Not literally. I dried. I dressed. I watched her dress—watched her pull fabric over skin I had my hands on—and I didn't drag her back into the bath and finish what I started.

Progress.

Renan is already here. He's sprawled across one of Caius's chairs, boots on the armrest, and when he sees us enter together, his eyebrows climb. His mouth opens.

"Don't," I say.

His mouth closes. The grin stays. Wide. Delighted. The bastard can smell trouble, and he likes the scent.

Iowyn moves past me into the room, and my brain splits down the middle. Half of it notes the layout—Caius standing by the window, Renan to the left, two exits, fire in the hearth. The other half notes she's four steps away from me and Caius is looking at her.

Not wrong. Not inappropriate. He's War; she's a new variable in his space. Of course he's looking.

I still want to step between them. Put my hand on the back of her neck. Make it clear that if he keeps looking, I'll—

"Discord." Caius's voice is low and rough. Centuries of shouting over battlefields. "You're late."

"I was busy."

"Were you." His eyes move to Iowyn. Stay there. His head tilts one way, then the other, like he's trying to get a better angle on something confusing. "You brought someone. She's standing very still. Excellent posture—I noticed immediately." He looks at me. Back at her. At me again. "Is she a problem? I can kill her. It's not an inconvenience. I'm already standing."

"She's not a problem."

"Are you sure?" He pats his hip. "I brought my gladius. I bring it everywhere. Renan, you've seen it. Tell him I have it."

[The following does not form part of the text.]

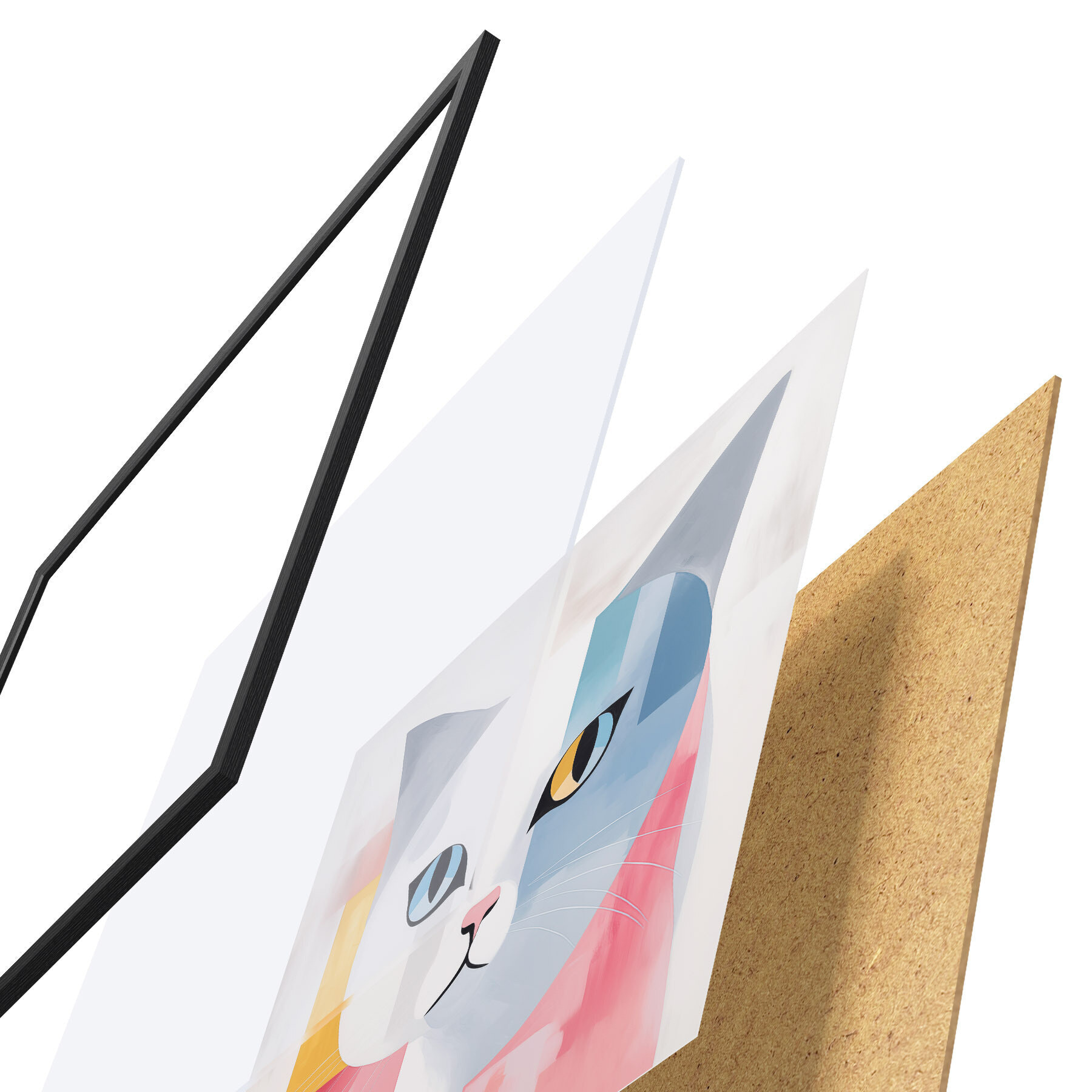 Plakat składa się z ramy, pleksi, wydrukowanego obrazu i podkładu z płyty wiórowej. Plakat można natychmiast zawiesić na ścianie dzięki uchwytom z tyłu.
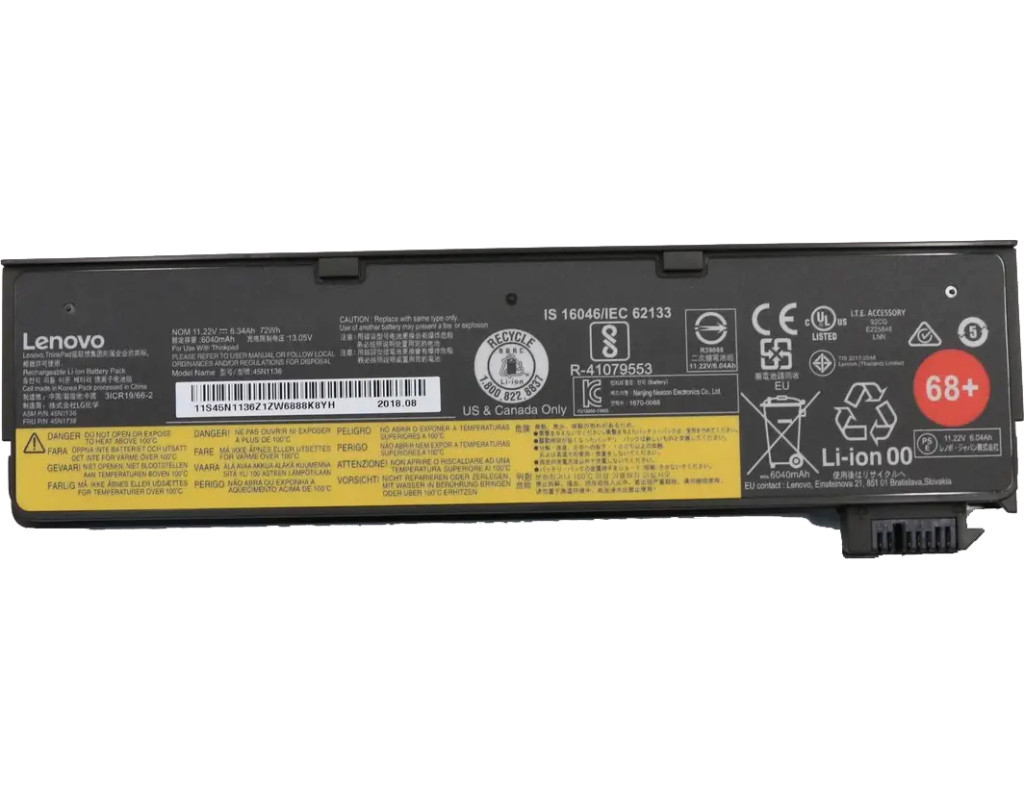 Акумуляторна батарея підходить для наступних моделей ноутбуків: Lenovo ThinkPad A275, Lenovo ThinkPad L450, Lenovo ThinkPad L460, Lenovo ThinkPad L470, Lenovo ThinkPad P50s, Lenovo ThinkPad T440, Lenovo ThinkPad T440s, Lenovo ThinkPad T450, Lenovo ThinkPad T450s, Lenovo ThinkPad T460, Lenovo ThinkPad T460p, Lenovo ThinkPad T470p, Lenovo ThinkPad T550, Lenovo ThinkPad T560, Lenovo ThinkPad W550, Lenovo ThinkPad W550s, Lenovo ThinkPad X240, Lenovo ThinkPad X250, Lenovo ThinkPad X260, Lenovo ThinkPad X270. Дана акумуляторна батарея може мати такі маркування (або PartNumber): 68, 68+, 01AV460, 121500146, 121500147, 121500152, L12L3P53, L12M6Z53, L12S3P53, 45N1124, 45N1125, 45N1126, 45N1127, 45N1128, 45N1129, 45N1131, 45N1132, 45N1133, 45N1134, 45N1135, 45N1137, 45N1734, 45N1735, 45N1736, 45N1737, 45N1738, 45N1767, 45N1775, 45N1777. |

"He has it," Renan says, grinning.

"See? So if she's a problem—"

"She's not a problem, Caius."

He considers this. Nods slowly. "Good. I wasn't looking forward to the cleanup. Blood on marble gets in the grooves. You have to scrub." His nose wrinkles. "I don't like scrubbing. It's beneath me. Not morally—physically. I have to bend down and my knees make sounds now. Unpleasant sounds." He stops, refocuses. "Why is her hair damp?"

"It's not damp."

"It looks damp. The light is doing something." He squints at Iowyn, then shakes his head. "No. You're right. It's dry. Iwas looking at it wrong." He adjusts his stance—wider, more commanding—and the tangent ends as abruptly as it started. "Coin called the Concord. Faith agreed within the hour. We convene at sundown tomorrow."

Tomorrow.

My hand flexes at my side. I can still feel the heat of her skin under my palms. The way she shivered when I washed the soap from her hair, head tipped back, throat exposed. Tomorrow I have to sit across from Senna and pretend I'm not—

Iowyn shifts her weight. The floorboard creaks.